Alzheimer’s Dementia has a combination of cognitive and behavioral manifestations. Cognitive impairment is core problem which includes memory deficits and at least one of following: aphasia or language problem, agnosia or problems with recognition, apraxia or motor activity problem, and impairment in executive functioning (e.g. planning, abstract reasoning, and organizing).As disease advances, cognitive decline becomes associated with behavioral manifestations. What are these behavioral manifestations of dementia?
Behavioral syndromes in Alzheimer’s can be grouped into two categories: psychological and behavioral. Major psychological syndromes consist of depression, anxiety, delusions, and hallucinations.

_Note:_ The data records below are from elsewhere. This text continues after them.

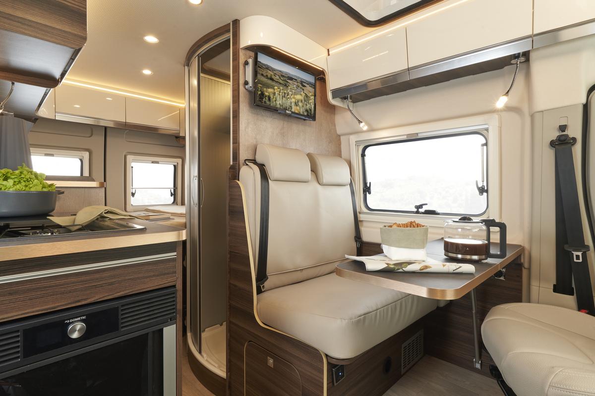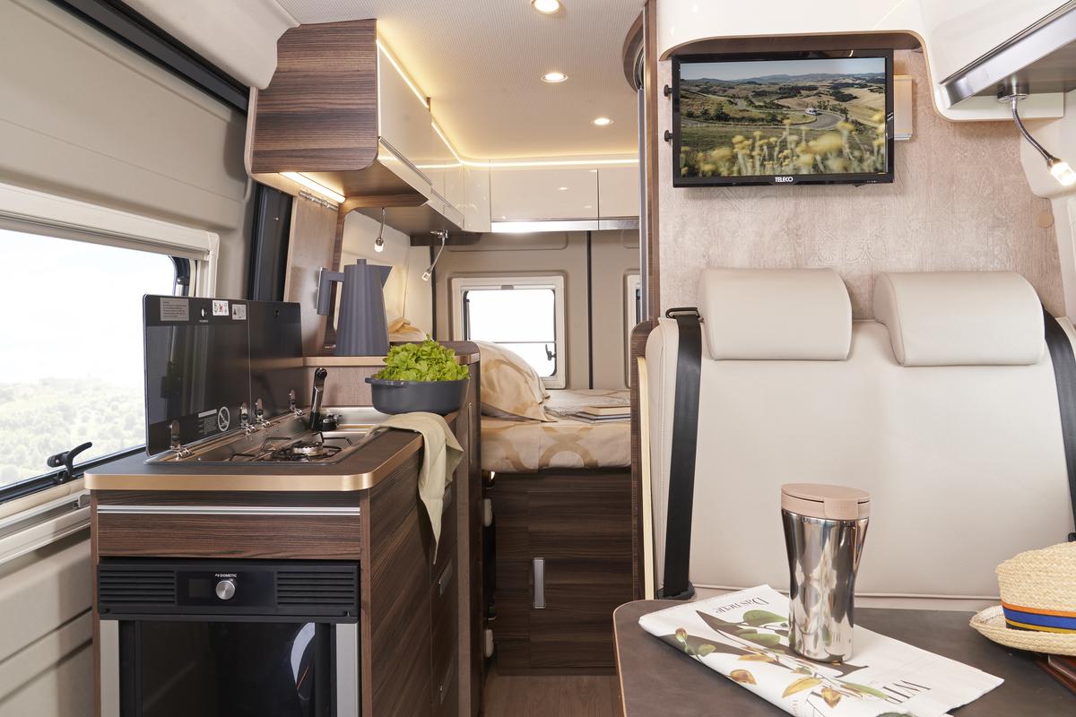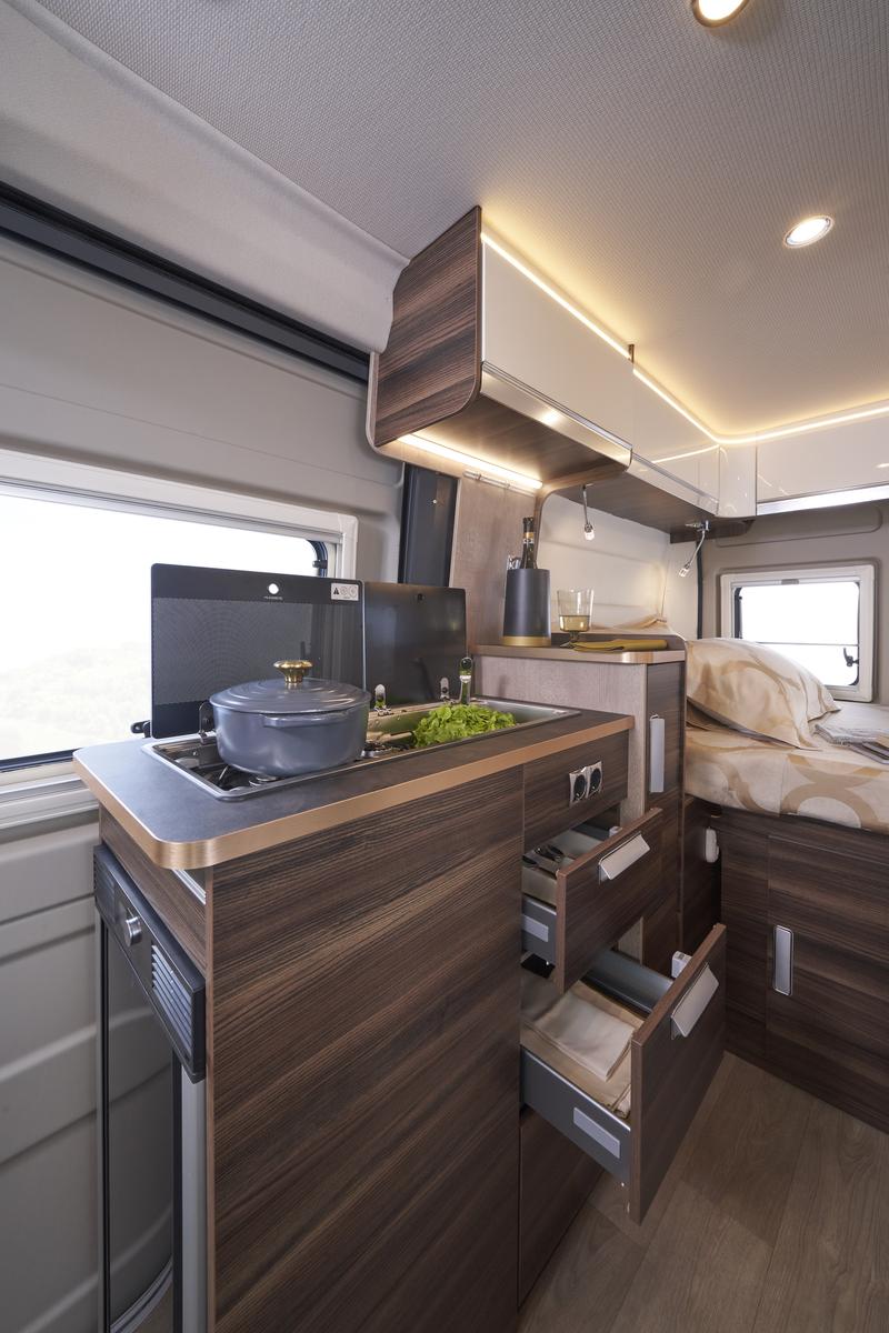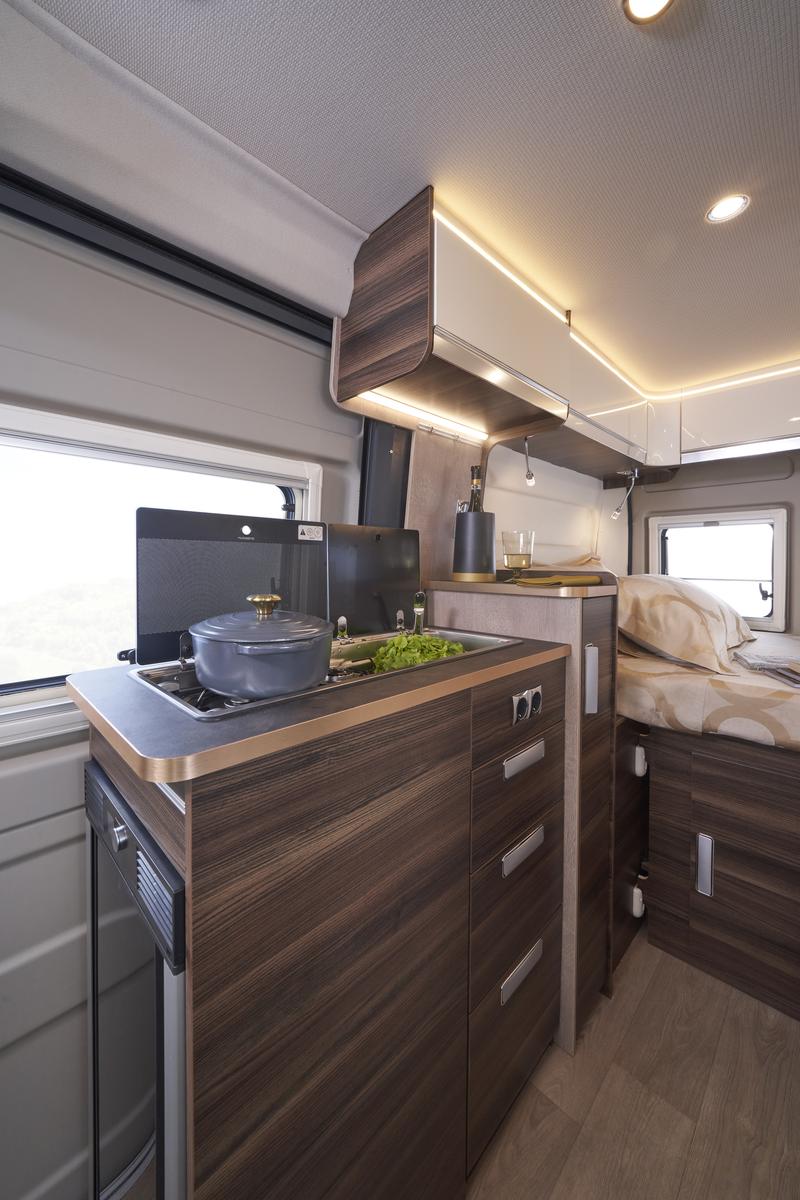 Jedinečný pocit priestoru vďaka zvýšenej vnútornej výške v kabíne a nad obytnou časťou; Izolovaný a čalúnený strop; Zadné lôžko je možné jednoducho demontovať pre naloženie mimoriadne objemných predmetov; Maxi panoramatické strešné okno nad obytnou časťou.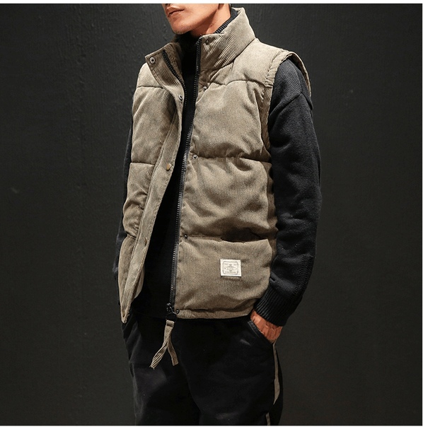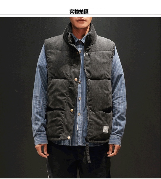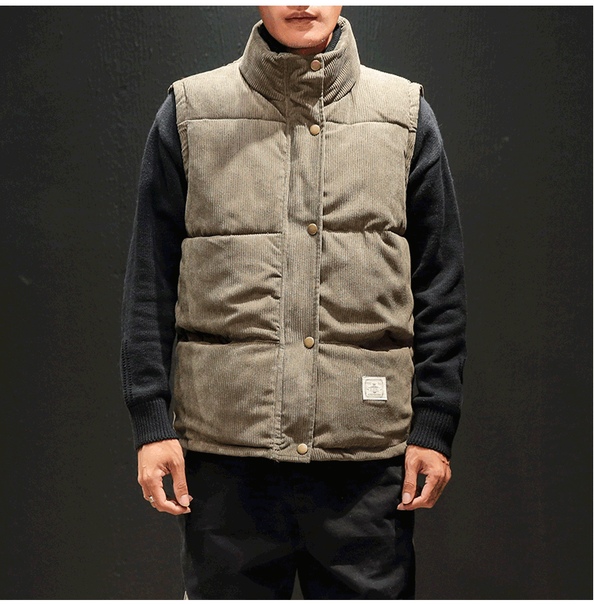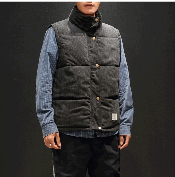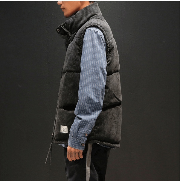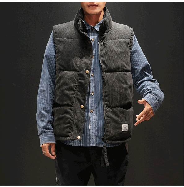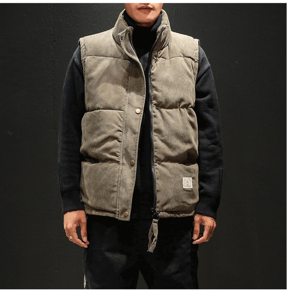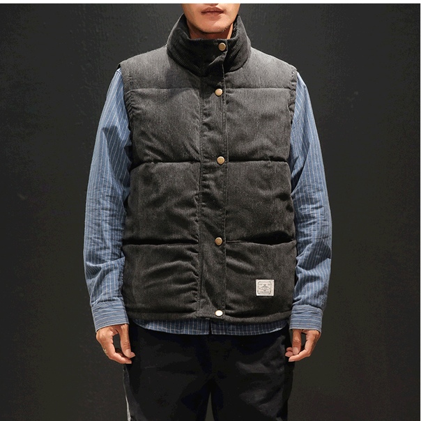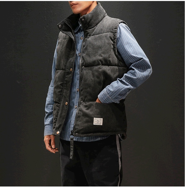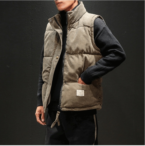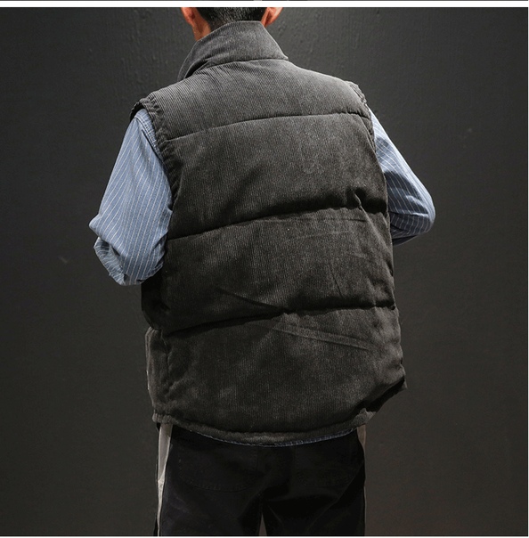 Теплый мужской дутый вельветовый жилет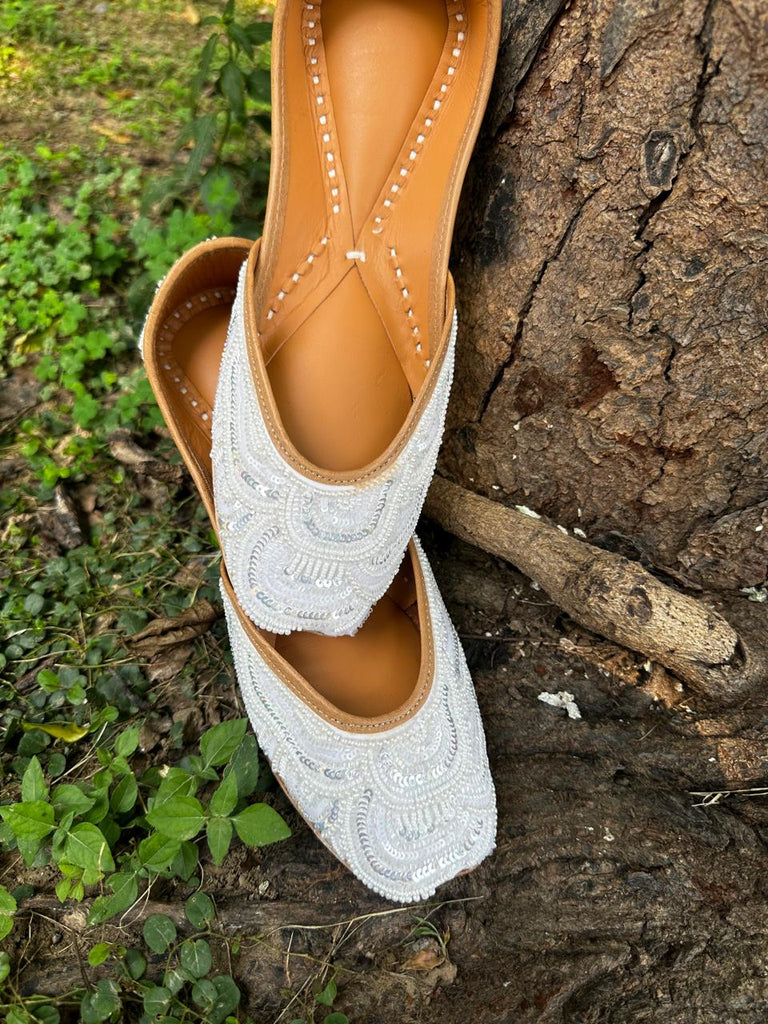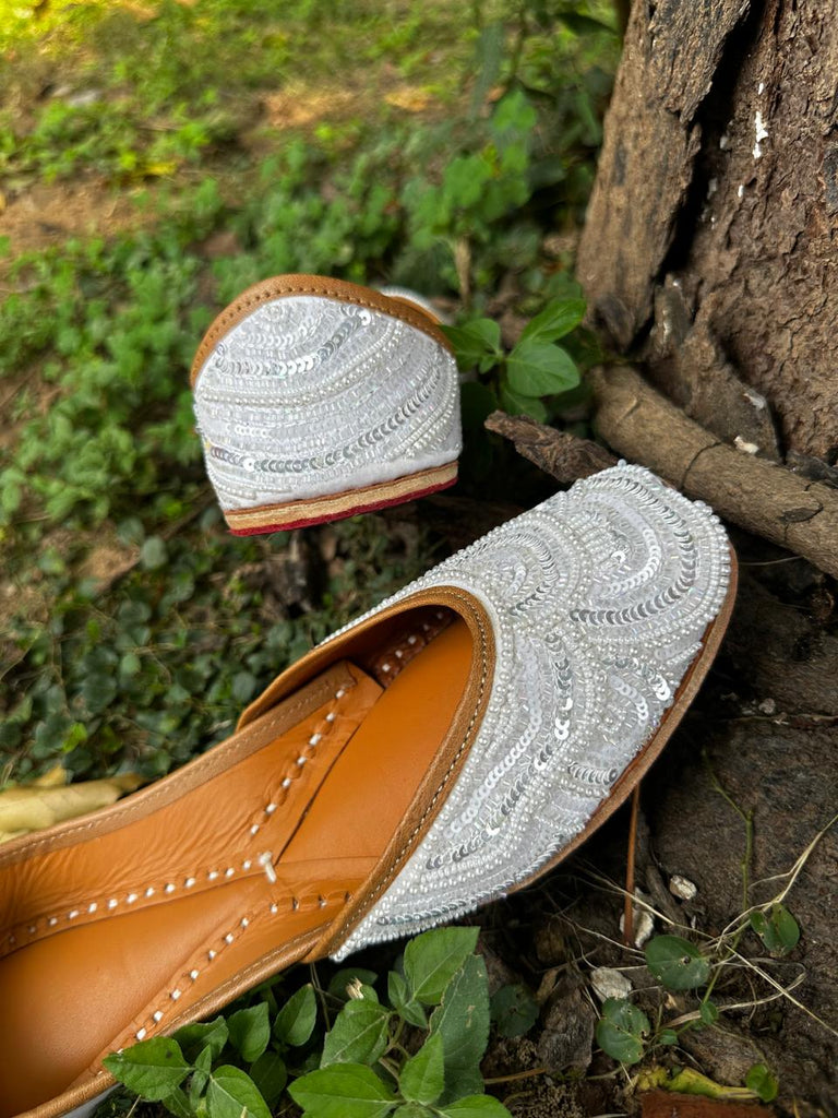 It is traditional wear jutti with white beads work.

Depression in dementia is very common. Up to about 87% of patients develop some form of depression. It is characterized by tearfulness or crying episodes, feelings of sadness, and neurovegetative signs and symptoms such as inability to sleep, lack of appetite, poor energy, and thoughts of death. Irritability is also common. Depression can occur even in early or mild phase of illness.
About 50% of demented patients show delusions or false fixed beliefs. Such delusions include beliefs that a relative is stealing, that a spouse is just an impostor or is having an affair with a neighbor, or that friends and relatives are conspiring to cause trouble.
Moreover, many patients with dementia may experience hallucinations. Most of these hallucinations are visual — seeing strangers in house, an animal or insects in living room, people in bedroom or on top of TV set. Occasionally, auditory hallucinations may be experienced — hearing footsteps or knocking on door or even people singing church hymns.